Twelfth Night really has to have a wonderful Viola, just as As You Like It has to have a wonderful Rosalind, characters you must fall in love with and (with all due respect to Adrian Lester’s magical Rosalind years ago for Cheek by Jowl) best played by women of sexual vibrancy and androgynous ambiguity.

That said, I don’t think Ed Hall shows any sign of running out of steam, or ideas, with Propeller. It may just be that the company, as constituted, is best suited to the histories and the more robust, less complex, of the comedies. Of course Shakespeare wrote these great women’s roles for boys to play, but when it comes to Viola, or Rosalind, or indeed Hermione and Paulina last year in The Winter’s Tale, you do feel: what’s the point of candlelight when you can have electricity?

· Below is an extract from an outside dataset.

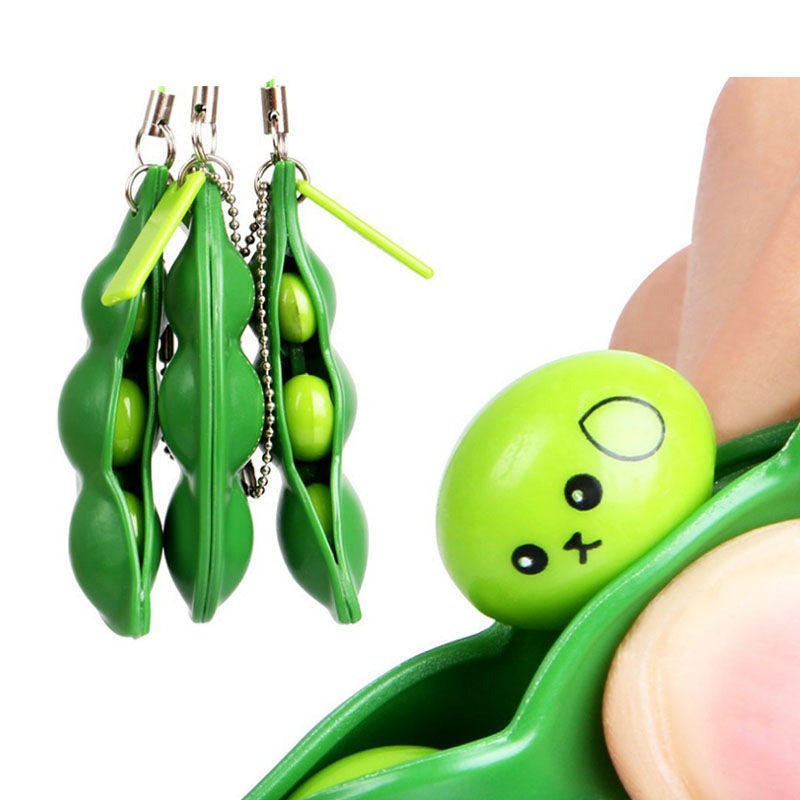This is a stress ball that looks like an adorable soybean. It's perfect for anyone who needs to relieve some tension and it's also easy to carry around with you because it comes in a small size!

That said again, I don’t think I’ve ever seen a better production of The Merchant of Venice than Propeller’s (and I include the  Jonathan Miller one with Olivier and the Trevor Nunn version with Henry Goodman, both magnificent), and I loved The Shrew so much on Friday I sort of didn’t want it to end.

Interesting that, when the Globe did the play with an all-female cast (and a very fine one: Kathryn Hunter as Petruchio, Amanda Harris as Katherine) they didn’t come close to Propeller’s rambunctious swagger and joie de vivre; there was plenty of jokiness and horseplay, but it seemed slightly affected and “put on.”

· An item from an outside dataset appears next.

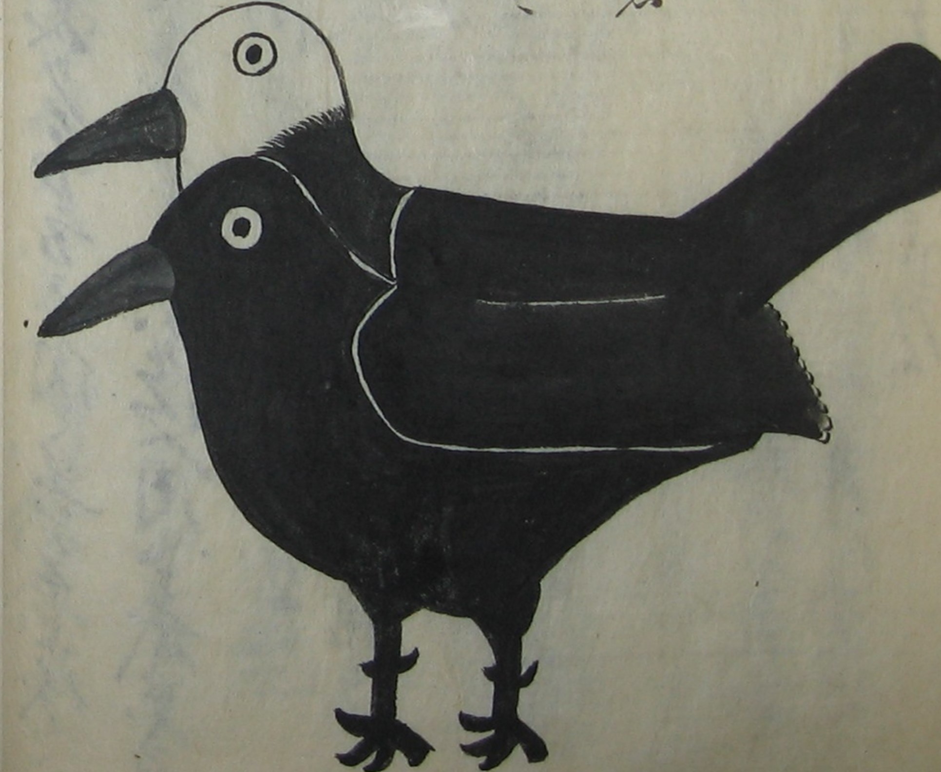 描かれた頭が二つある鳥の絵です。

Nothing “put on” about Anjin: The Shogun and the English Samurai at Sadler’s Wells, in which new RSC boss Gregory Doran recounts the astonishing story of the shipwrecked Protestant merchant William Adams who, in 1600, forged the first trade and foreign relationships with Japan while buffeted by the Samurai wars and Catholic missionaries.

I caught the Saturday matinee, really well attended, which shows what an appetite there is for the exotic and unusual in London theatre. It’s achingly beautiful to look at, unfashionably slow and long-winded. But is Mike Poulton’s narrative really Shakespearean, as Doran suggests?
 
There are some great battle scenes, a wonderful war horse (solid, rather than artfully sculpted, this one) and simply stunning costumes. But the language is flat and perfunctory, and there’s not much in the way of complexity in either the characters or the acting of a mixed Japanese and British cast.

One scene will remain with me, though, where the old Shogun tells a young boy that his warring family line must be extinguished and that he, the boy, must be beheaded. Does the boy understand this? He does. Does he accept his fate? Yes. Have you ever seen anything so touching and terrible? Not really.